Inayat-ur-Rahman, Gulf Today
COVID-19 is accelerating the digital transformation of the Middle East’s retail sector as e-commerce sales set to jump to $48.6 billion in 2022, up from $26.9 billion in 2018, according to recent research.
The COVID-19 pandemic has fast-tracked and brought the future to present – in terms of digitial transformation process that has and is changing the US$25 trillion retail sector forever. Experts at 9th Middle East Retail Forum that took place in Dubai on Wednesday, said in a way, the COVID-19 put the retail industry on steroid and changed it forever.
The year 2020 will go down in history as the most remarkable year in the history of the retail industry due to the transformation and the opportunities it brings.
Justina Eitzinger, Chief Operating Officer of Images Group Middle East, organiser of the Middle East Retail Forum and RetailME Awards, said, “The retail industry is undergoing tremendous transformation and we are pleased to address this at the 9th Middle East Retail Forum, the only such industry conference in the Middle East!
“This year MRF is all about agility, responsiveness and being future-fit – themes that we thought could instigate some thought-provoking conversations led by the movers and shakers of the industry. Since notions like omnichannel, hybrid, and phygital are the new norms – we have incorporated the same principle with our event this year. Today you will see a few speakers join us virtually, from not only the region but also beyond.”
Data is the new oil or the new soil. Data is perhaps the most important resource today, speakers stressed at the conference.
“In all GCC economies, e-commerce originally was expected to witness growth in excess of 50% from 2019 to 2030, as a result of which e-commerce that accounted for 0.4% of GCC GDP in 2018 was set to increase well over 2 percent of GDP by 2030, according to a report by Frost and Sullivan,” Justina Eitzinger underlined.
“This year we saw that number go further up, with 49 percent of UAE consumers surveyed by Dubai Economy and Visa - revealing that they have been shopping online more because of the pandemic.
“So does that mean that the GCC’s retail sector, which is expected to grow to $554.13 billion by 2030, is going to solely be dependent on e-commerce operations? The answer to that is, of course not. But equations between physical and digital retail are going to change and so are the functions and functionalities of the actual and virtual spaces. With the ongoing internal debate of ‘convenience versus experience’ consumers have today, retailers have had to modify their offerings.”

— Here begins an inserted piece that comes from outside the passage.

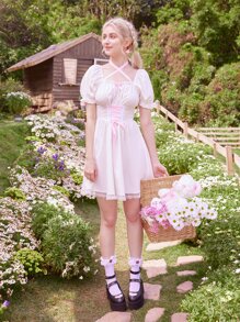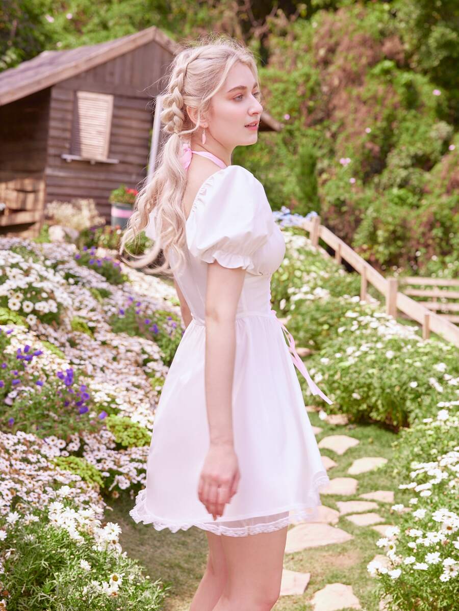 Kawaii Lace Up Contrast Lace Puff Sleeve Dress

Key industry officials including Renuka Jagtiani, Chairwoman and CEO of Landmark Group, Patrick Chalhoub, CEO of Chalhoub Group; Ashish Panjabi, COO of Jacky’s Group of Companies and Jacky’s Retail LLC; Piyush Kumar Chowhan, Group CIO of Lulu Group International; Hisham Al Amoudi, Group CEO of Kamal Osman Jamjoom Group; Hozefa Saylawala, Director of Sales at Zebra Technologies; Mark Tesseyman, CEO of LIWA Trading Enterprises; Marwan Moukarzel, CEO of Fawaz Alhokair Fashion Retail; Tapan Vaidya, CEO of PJP Investments Group; Phillip Smith, Group Head of Digital at Kamal Osman Jamjoom Group; Ryan den Rooijen, Group Head of Data and Analytics of Chalhoub Group will join Amitabh Taneja, Chairman of Images Group at the inaugural sessions.
Hozefa Saylawala, Director of Sales at Zebra Technologies, said, “Since the pandemic, we have invested heavily in perceptive analytics and made some acquisition on machine learning technologies to offer flawless, seamless retail experiences through the use on advanced technologies. So, for us, the year 2020 has been one of the most successful.”
Hisham Al Amoudi, Group CEO of Kamal Osman Jamjoom Group, said, “From bricks-and-mortar, we are shifting towards bricks-and-clicks – and that’s how the retail industry has changed.”
Tapan Vaidya, CEO of PJP Investments Group, said, “In March this year, physical sales at Papa Johns was 63 percent while online order represented 37 percent of the total sale. However, in teo months, it changed to 63 percent online order versus 37 percent physical sale. Currently, our online sales represent 5 percent as opposed to 46 percent physical sale – and this will go up in favour to online order. This is how the market is changing. COVID-19 pandemic has really forced us to embrace technology that we would probably done in phases, later.”